Energy News  
Another Planet X Found On The Outer Rim Of Sol

Size comparision of Sedna to Earth, Moon, Pluto and Quaoar.

Los Angeles - Mar 15, 2004
NASA-funded researchers have discovered the most distant object orbiting Earth's Sun. The object is a mysterious planet-like body three times farther from Earth than Pluto.

"The Sun appears so small from that distance that you could completely block it out with the head of a pin," said Dr. Mike Brown, California Institute of Technology, Pasadena, Calif., associate professor of planetary astronomy and leader of the research team.

The object, called "Sedna" for the Inuit goddess of the ocean, is 13 billion kilometers (8 billion miles) away, in the farthest reaches of the solar system.

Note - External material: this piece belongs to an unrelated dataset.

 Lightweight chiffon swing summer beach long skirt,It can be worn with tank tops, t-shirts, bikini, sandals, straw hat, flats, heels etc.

This is likely the first detection of the long-hypothesized "Oort cloud," a faraway repository of small icy bodies that supplies the comets that streak by Earth. Other notable features of Sedna include its size and reddish color. After Mars, it is the second reddest object in the solar system.

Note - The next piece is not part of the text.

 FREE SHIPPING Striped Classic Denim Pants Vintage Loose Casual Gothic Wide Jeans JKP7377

It is estimated Sedna is approximately three-fourths the size of Pluto. Sedna is likely the largest object found in the solar system since Pluto was discovered in 1930.

Brown, along with Drs. Chad Trujillo of the Gemini Observatory, Hawaii, and David Rabinowitz of Yale University, New Haven, Conn., found the planet-like object, or planetoid, on Nov. 14, 2003.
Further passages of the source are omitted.